▶ **Your goal**:
The copy must match the data below line for line and contain no images.

▶ **Information shown**:
__________

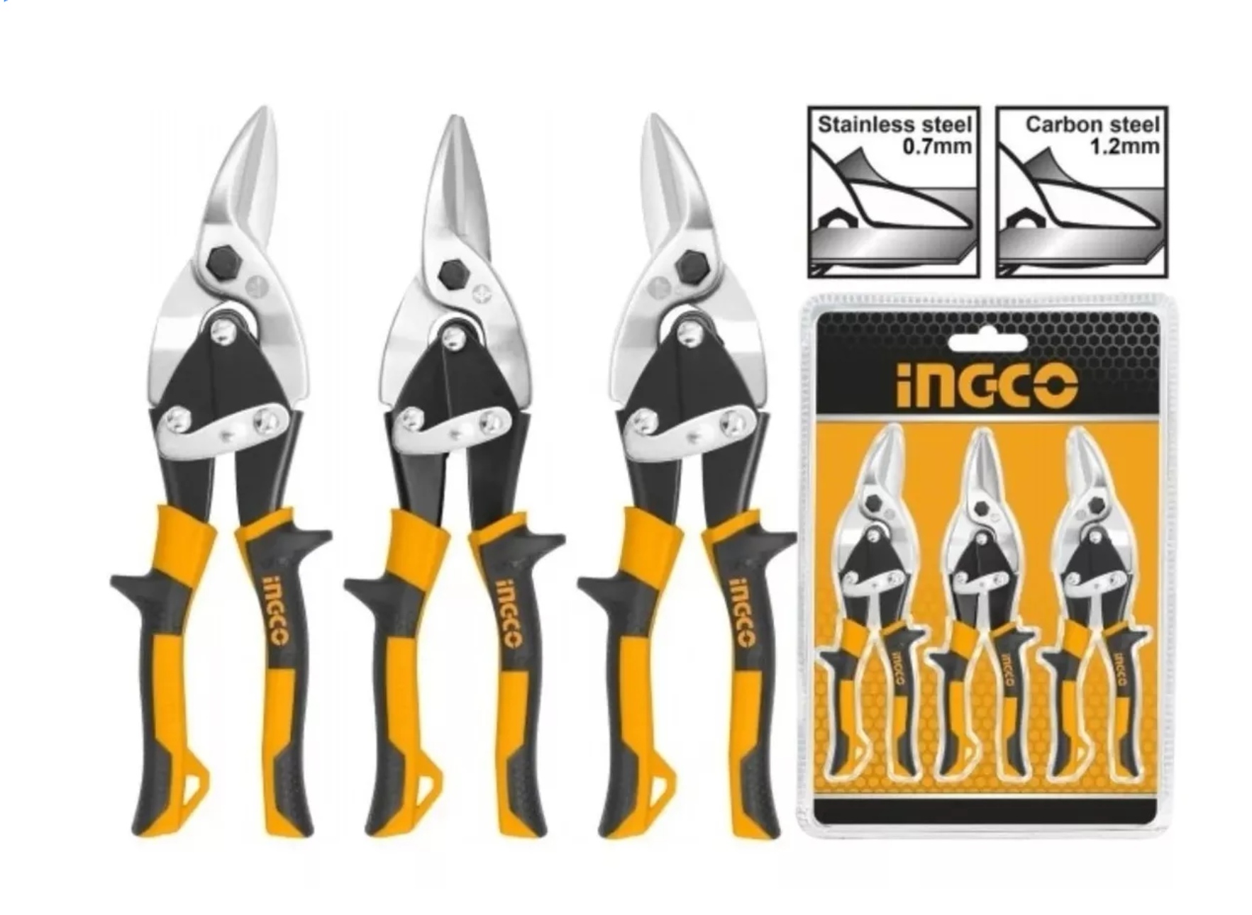 Set pack de 3 tijeras aviación hojalateras ingco de 10 pulga
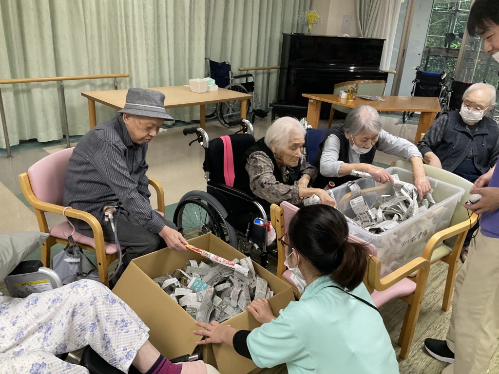 皆様こんにちは。本日の3階は一足早く七夕祭りを行いました。この暑い季節にピッタリなクラッシュゼリーを作りました。皆様ゼリーを真剣に砕いてくださいました。 食べていただいた際には、「冷たいね。美味しい。」と言っていただきました。 短冊... -
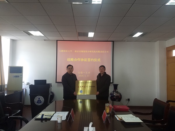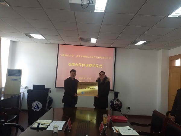 本网讯(565net必赢客户端 王雪微)1月17日下午,南京市规划设计研究院有限责任公司安徽师范大学产学研基地、实习实训基地挂牌仪式在安徽师范大学565net必赢客户端正式举行。南京市规划设计研究院有限责任公司院长程茂吉、副院长赵晶、主任谢军,安徽师范大学565net必赢客户端党委书记贾冠忠、院长苏勤、副院长曹卫东、城乡规划系主任杨兴柱、副主任王雪微参加签约及挂牌仪式。

__________

▶ **Exercise solution**:
 Set pack de 3 tijeras aviación hojalateras ingco de 10 pulga
 皆様こんにちは。本日の3階は一足早く七夕祭りを行いました。この暑い季節にピッタリなクラッシュゼリーを作りました。皆様ゼリーを真剣に砕いてくださいました。 食べていただいた際には、「冷たいね。美味しい。」と言っていただきました。 短冊... -
 本网讯(565net必赢客户端 王雪微)1月17日下午,南京市规划设计研究院有限责任公司安徽师范大学产学研基地、实习实训基地挂牌仪式在安徽师范大学565net必赢客户端正式举行。南京市规划设计研究院有限责任公司院长程茂吉、副院长赵晶、主任谢军,安徽师范大学565net必赢客户端党委书记贾冠忠、院长苏勤、副院长曹卫东、城乡规划系主任杨兴柱、副主任王雪微参加签约及挂牌仪式。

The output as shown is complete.